In 2001, the Fourth Circuit Court of Appeals issued the seminal decision of Bragg v. West Virginia Coal Association, which addressed the same types of claims asserted by the Sierra Club in the pending Stone-Manning appeal. Specifically, in Bragg the Fourth Circuit held that when a State receives approval from the Secretary of Interior under SMCRA to administer a regulatory program governing coal mining (known as “primacy”), the state obtains exclusive jurisdiction. Therefore any challenge to a state’s administration of such a program may only be asserted in state court, under state law. There is no exception to Eleventh Amendment immunity, because a state program is not deemed to be “federalized” merely because it was approved under SMCRA. The Third Circuit Court of Appeals addressed much the same issue the following year in Pennsylvania Federation of Sportsmen’s Clubs v. Hess, and agreed with Bragg.
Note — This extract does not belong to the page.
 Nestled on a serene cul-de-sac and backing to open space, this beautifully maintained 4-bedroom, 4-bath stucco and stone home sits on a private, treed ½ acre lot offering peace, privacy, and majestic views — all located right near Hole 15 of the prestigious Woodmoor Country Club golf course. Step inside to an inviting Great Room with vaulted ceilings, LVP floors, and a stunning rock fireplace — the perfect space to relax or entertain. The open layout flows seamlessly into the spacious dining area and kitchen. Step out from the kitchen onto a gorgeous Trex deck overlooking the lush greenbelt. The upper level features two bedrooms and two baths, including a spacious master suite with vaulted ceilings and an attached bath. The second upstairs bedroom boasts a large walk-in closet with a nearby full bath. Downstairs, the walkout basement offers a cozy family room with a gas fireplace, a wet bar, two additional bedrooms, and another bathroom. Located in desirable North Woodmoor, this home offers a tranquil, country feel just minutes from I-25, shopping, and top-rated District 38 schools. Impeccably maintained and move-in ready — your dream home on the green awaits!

More than ten years later, the Sierra Club commenced a federal lawsuit to challenge certain aspects of the coal mining regulatory program administered by the MDEQ, which was granted primacy by OSM in 1982. Montana is not within the group of states under the jurisdiction of the Third or Fourth Circuit Courts of Appeals, and therefore neither the Bragg nor the Hess opinion is legally binding on the federal courts in Montana. Nevertheless, the federal district court in Montana appropriately adopted the sound reasoning set forth in both of those earlier decisions and entered an Order dismissing the Sierra Club’s claims. In pursuing its appeal from that Order, the Sierra Club has asked the Ninth Circuit Court of Appeals to reject Bragg and Hess, seeking to create a split of authority among the federal appeals courts concerning whether primacy states truly have “exclusive” jurisdiction over their mining programs, as Congress expressly stated when it passed SMCRA over 35 years ago.
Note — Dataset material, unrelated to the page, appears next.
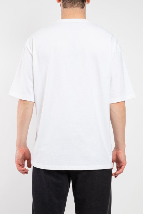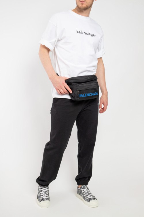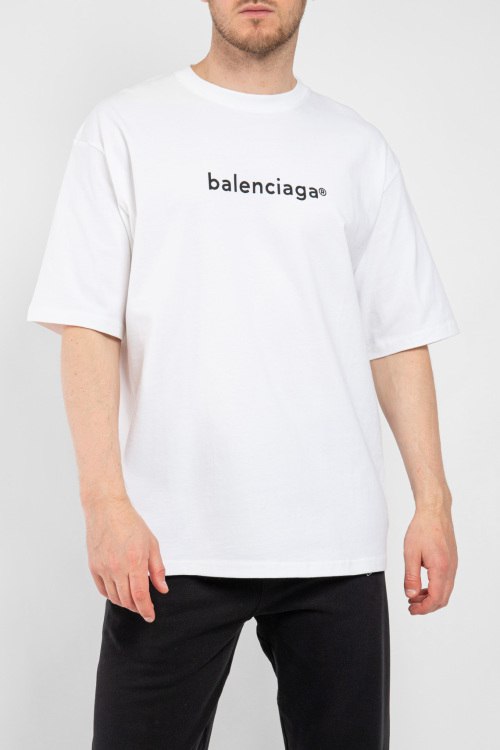 Мужская белая хлопковая футболка от Balenciaga (Баленсиага). Принт с логотипом на груди, круглый вырез горловины, короткий рукав, классическая длина

In September 2013, Dinsmore attorneys Christopher “Kip” Power and Robert Stonestreet submitted an Amicus Curiae or (“friend of the court”) brief to the Ninth Circuit on behalf of the Interstate Mining Compact Commission (“IMCC”) in support of the district court’s decision. The IMCC is a multi-state commission representing the natural resource and environmental protection interests of its member states, each of which has primacy under SMCRA. The IMCC’s 21 member states accounted for more than 90% of total national coal production in 2012. IMCC supports the district court’s decision in Stone-Manning because that decision promotes consistency and predictability concerning the exclusive jurisdiction of primacy states to regulate coal mining within their borders. That decision also respects the sovereignty of the primacy states by requiring legal challenges to their mining programs to be brought in state courts under state law, and encourages affected parties to use available state administrative channels and appeals to pursue challenges to such purely state agency actions.

The Ninth Circuit is expected to render a decision in the case sometime in early 2014. The IMCC’s Amicus Curiae brief, and the district court’s decision which it supports, may be found at the links provided above.